**Exercise**
Only the lines from the one holding "The Schoffel Shetland" to the end of the data should be echoed, exactly as they appear, minus the pictures.

**Data excerpt**
-=-=-=-=-

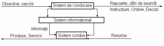 Sistemul informational asigura legatura permanenta si necesara intre sistemul de conducere si sistemul condus in dublu sens: prin preluarea si transmiterea deciziilor de la sistemul de conducere catre sistemul condus si prin inregistrarea, prelucrarea si transmiterea informatiilor privind starea si dinamica sistemului condus, de la acesta, catre sistemul de conducere, asa cum rezulta din figura urmatoare:
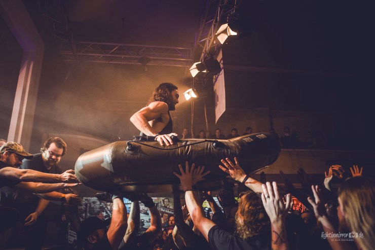 If that wasn’t enough for you, you could also enjoy a special kind of interlude: true to the motto „Crowdsurfing, but different!“, an inflatable boat was released to the audience. The only occupant that evening? EQUILIBRIUM drummer Hati, who probably wanted to test his own seafaring skills. As you can always rely on Metal fans, he returned safely to the stage in one piece.
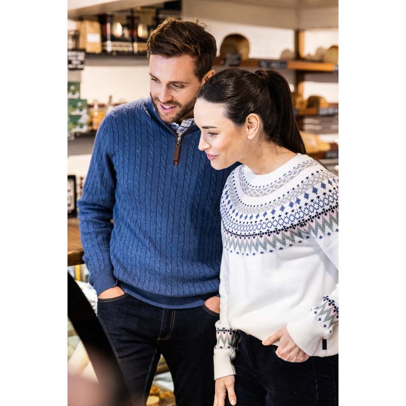 The Schoffel Shetland Fairisle Ladies Jumper provides a perfect combination of coziness and style. Composed of a luxuriously soft cotton blend, this regular fit garment displays a timeless crew neckline and an intricate Fairisle pattern on the chest and cuffs.
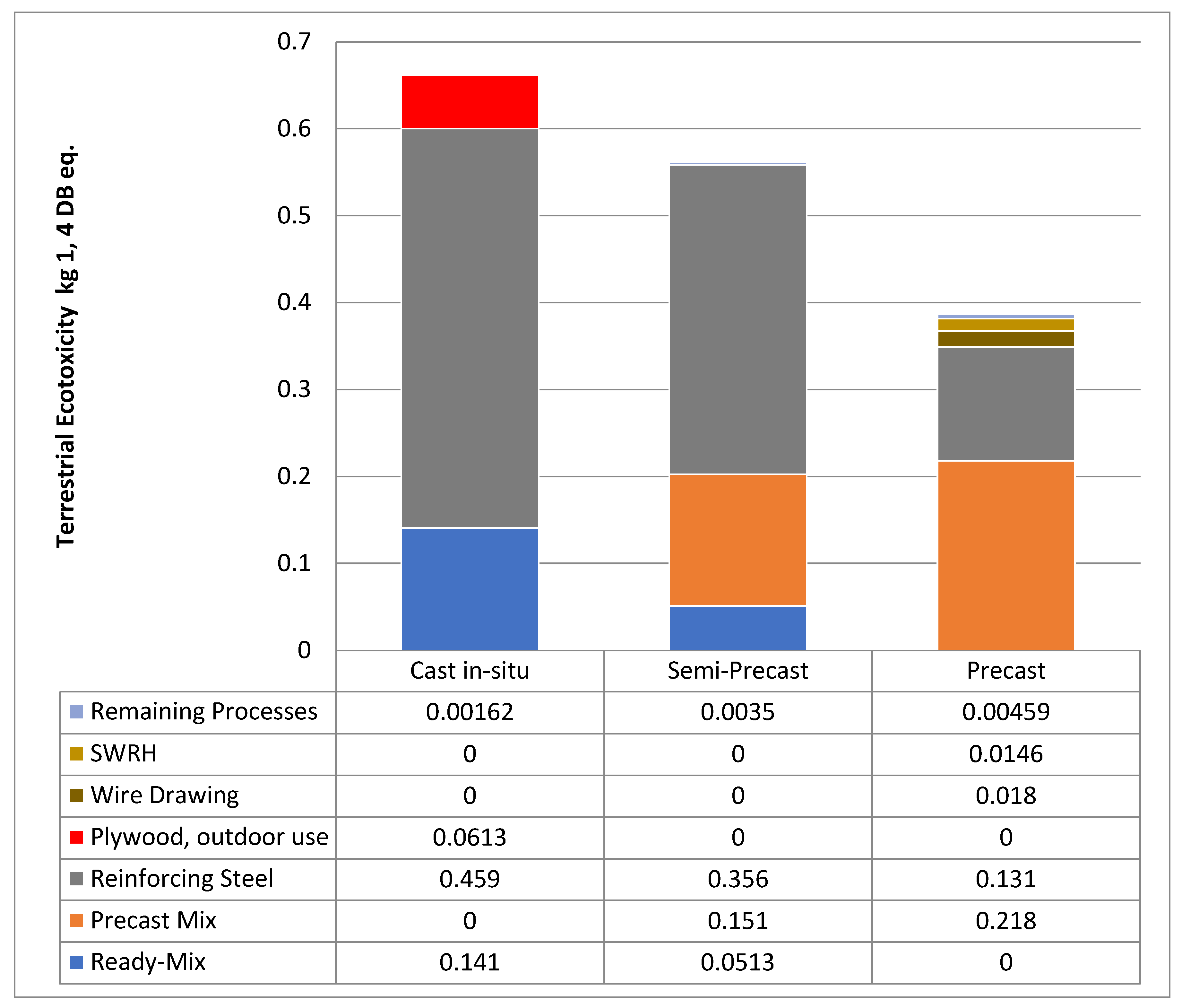 - The overall environmental impact of polystyrene in semi-precast construction was minimal; hence, in all other impact categories, it was considered under “Remaining Processes”.

-=-=-=-=-

**Expected answer**
 The Schoffel Shetland Fairisle Ladies Jumper provides a perfect combination of coziness and style. Composed of a luxuriously soft cotton blend, this regular fit garment displays a timeless crew neckline and an intricate Fairisle pattern on the chest and cuffs.
 - The overall environmental impact of polystyrene in semi-precast construction was minimal; hence, in all other impact categories, it was considered under “Remaining Processes”.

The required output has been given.